Alla base della concezione di questo gran libro c’è l’idea che per capire dove stia andando la nostra storia personale, la si debba andare a snidare in quelle di tanti altri, persone che senza che ce ne accorgessimo hanno partecipato alla costruzione del nostro destino. Di modo che, raccontando le loro vite, alla fine, come in una sorta di mosaico, venga a comporsi, e a svelarsi così a noi stessi, la nostra. Un’autobiografia spezzettata per interposte persone, nata dalla sensazione dell’autore che qualcosa gli sfuggisse, del cammino intrapreso. Che quel qualcosa fosse necessario recuperarlo nelle memorie altrui, e che dalla giustapposizione di tante piccole storie potesse venir fuori il disegno mancante. Storie minuscole, come dice il titolo, di gente lontana, fantasmi in fuga. I cui volti opachi, resi nitidi dalla scrittura, venissero a delineare un autoritratto alla Arcimboldo.
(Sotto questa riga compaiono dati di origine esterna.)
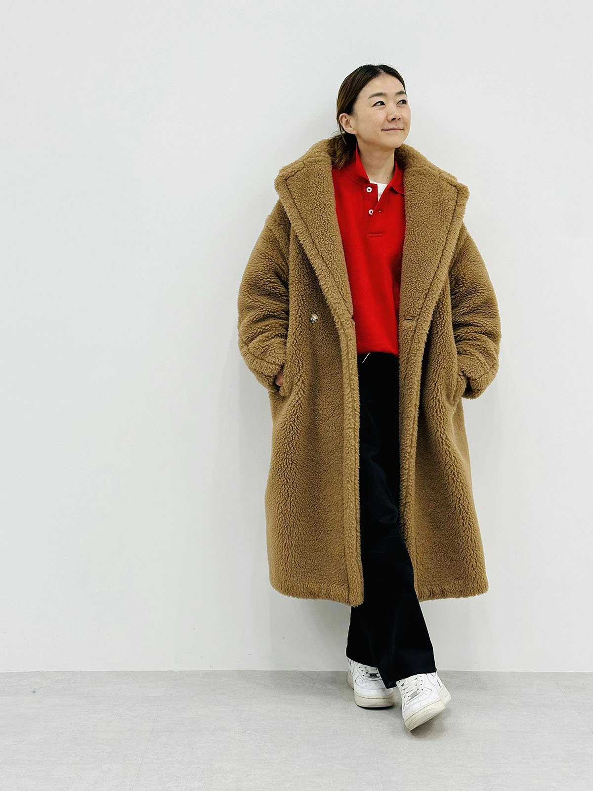 「今年2月、ミラノで購入したキャメルの『テディベア コート』。実は赤、黒に続いてこれで3着目ですが、どのカラーもどんなスタイリングにも合わせやすく、デザインもタイムレスで長く付き合える一着です。仕事からプライベートまで、シーンを選ばず活躍してくれます。防寒性も高く、白Tの上にさっと羽織るだけでしっかり暖かいのに、とにかく軽くて肩が凝らない。華やかさと実用性を兼ね備えた、冬の装いをやさしく守ってくれるボディーガードのような存在です」

Pierre Michon aveva già trentasette anni quando si mise a scrivere queste Vite. Dedicataria del libro è Andrée Gayaudon, nome che dice poco al lettore comune, fino a che qualcuno non gli riveli essere quello della madre dell’autore. Il quale ha affermato più volte: “Vite minuscole è una verità ad uso di mia madre”. E in effetti è sempre per testimoniare a qualcuno di qualcosa che si scrive, spiega Michon. Queste vite minuscole sono vaghe tracce di esistenze evanescenti che sfiorando la sua l’hanno orientata. Michon se le inventa, o le immagina come quei pochi, isolati attimi del loro passato lontano gli fa pensare che si siano svolte. E non a caso i lembi di memoria da cui prendono origine i racconti sono offerti all’autore dalla nonna materna che li estrae come fossero tesori preziosi da due scatola di latta, di quelle servite un tempo a contenere i biscotti.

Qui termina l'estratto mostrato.